:: STORED DATA ::
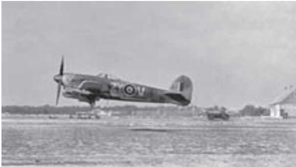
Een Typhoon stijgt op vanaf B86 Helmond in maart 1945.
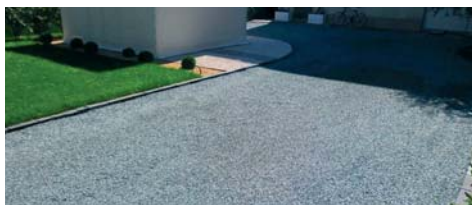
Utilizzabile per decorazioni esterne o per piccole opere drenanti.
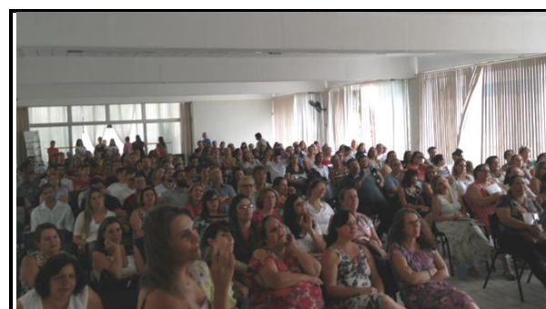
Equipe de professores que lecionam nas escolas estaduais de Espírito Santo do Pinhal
:::
Restate the data above word for word. Do not include the images.

Een Typhoon stijgt op vanaf B86 Helmond in maart 1945.
Utilizzabile per decorazioni esterne o per piccole opere drenanti.
Equipe de professores que lecionam nas escolas estaduais de Espírito Santo do Pinhal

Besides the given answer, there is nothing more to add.